Santa Casa de Alfenas - Casa de Caridade (MG) — Prova 2020
Paciente do sexo masculino, de 65 anos apresenta quadro de dor em hipocôndrio direito ha 2 meses. Na Ressonância Magnética de abdome, foi evidenciada Lesão sólida de cerca de 10 cm em lobo direito , apresentando hipoatenuação em relação ao parenquima hepático após infusão de contraste.O diagnóstico mais provável é:
Lesão hepática sólida > 5cm, hipoatenuante pós-contraste na RM → forte suspeita de metástase.

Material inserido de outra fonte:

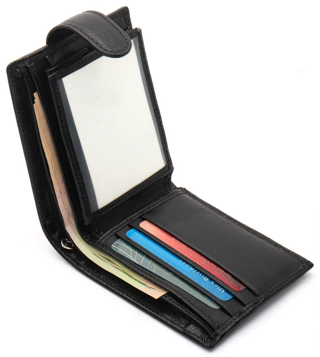 Чоловіче портмоне у класичному стилі підійде діловим людям. Модель оснащена двома прозорими віконцями для документів. Виріб фіксується кнопкою на хлястику, тому його зручно відкривати та швидко показувати перепустку або посвідчення. Для грошей відведено 3 великі відділення та вмістовна монетниця на кнопці. Три секції під картки розташовані у зручному місці та завжди під рукою. Дві прилеглі кишені допоможуть сховати гроші у надійному місці.

Lesões hepáticas metastáticas, especialmente grandes, tendem a ser hipovasculares e, portanto, apresentam hipoatenuação ou hipossinal em relação ao parênquima hepático normal após a administração de contraste, devido à menor captação e/ou lavagem mais rápida. Este padrão é um achado radiológico crucial para diferenciá-las de outras lesões focais.

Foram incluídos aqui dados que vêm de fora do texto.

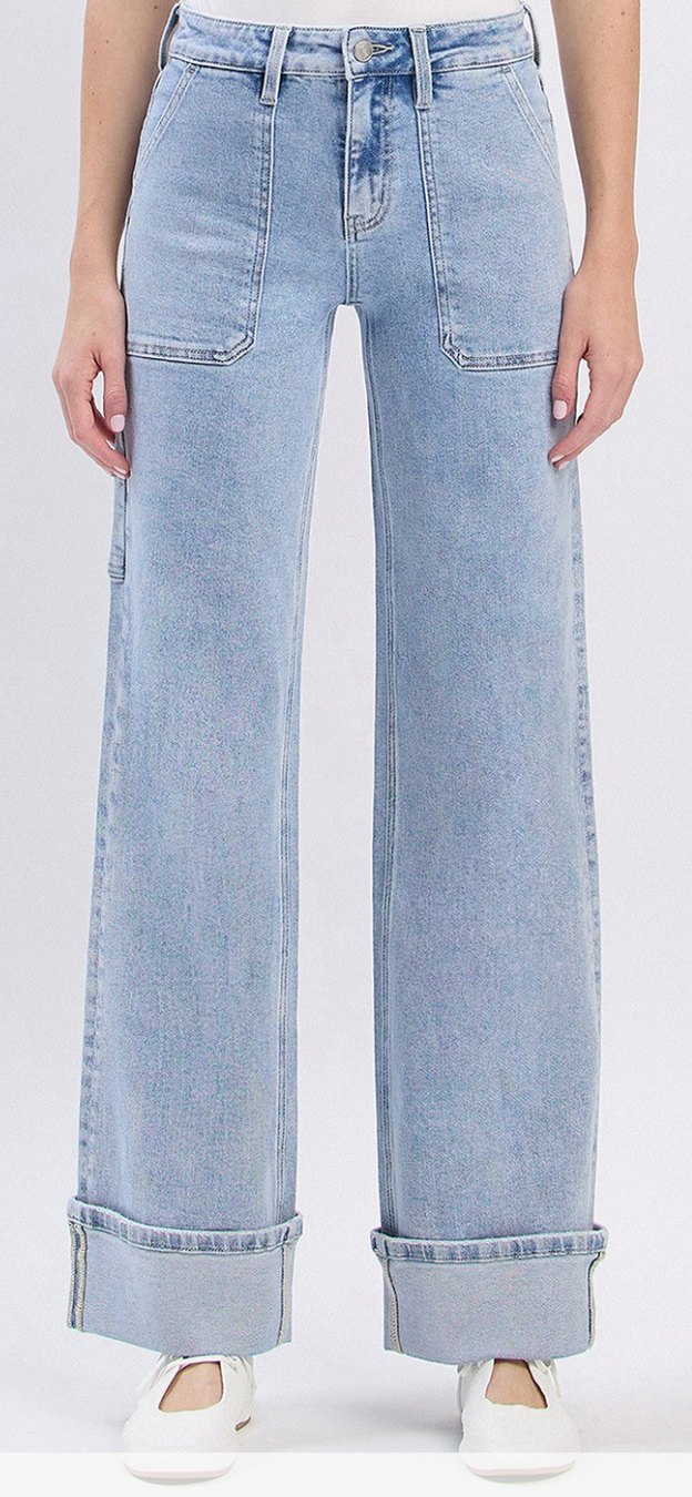 *Final Sale* High Rise Carpenter Pocket Cuffed Wide Leg Jeans

As metástases hepáticas são as neoplasias malignas mais comuns do fígado, superando os tumores primários. São frequentemente encontradas em pacientes com câncer colorretal, mama, pulmão, pâncreas e estômago. O diagnóstico precoce é fundamental para o planejamento terapêutico e prognóstico, sendo a imagem um pilar essencial. Na Ressonância Magnética (RM), as metástases hepáticas tipicamente se apresentam como lesões focais com baixo sinal em T1 e alto sinal em T2. Após a administração de contraste paramagnético, a maioria das metástases é hipovascular, resultando em hipoatenuação ou hipossinal em relação ao parênquima hepático circundante nas fases portal e tardia. Este padrão é distinto do realce hipervascular do carcinoma hepatocelular ou do preenchimento centrípeto dos hemangiomas. O tratamento das metástases hepáticas varia amplamente, incluindo ressecção cirúrgica, ablação, quimioterapia sistêmica e terapias-alvo, dependendo do tumor primário, extensão da doença e condições do paciente. A abordagem é multidisciplinar e visa melhorar a sobrevida e a qualidade de vida.

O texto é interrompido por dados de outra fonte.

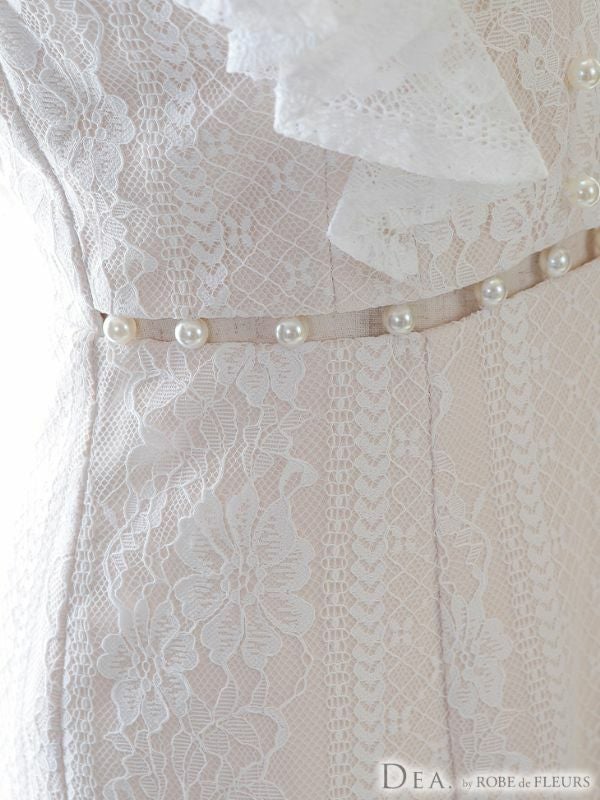 4. [DEA.byROBEdeFLEURS/ディアバイローブドフルール] 高級フリル袖ウエストパール総レース膝丈マーメイドワンピースノースリーブタイトドレス

Metástases hepáticas frequentemente aparecem como lesões focais hipointensas em T1 e hiperintensas em T2. Após contraste, muitas são hipovasculares, apresentando hipoatenuação ou hipossinal em relação ao parênquima hepático normal nas fases portal e tardia.
A diferenciação depende do padrão de realce pós-contraste. Hemangiomas têm realce nodular periférico com preenchimento centrípeto. Carcinomas hepatocelulares tipicamente mostram hipervascularização arterial e washout portal/tardio. Metástases geralmente são hipovasculares.
A história de câncer primário, especialmente do trato gastrointestinal, pulmão ou mama, é crucial. A presença de sintomas como dor em hipocôndrio direito e perda ponderal reforça a suspeita de doença metastática avançada.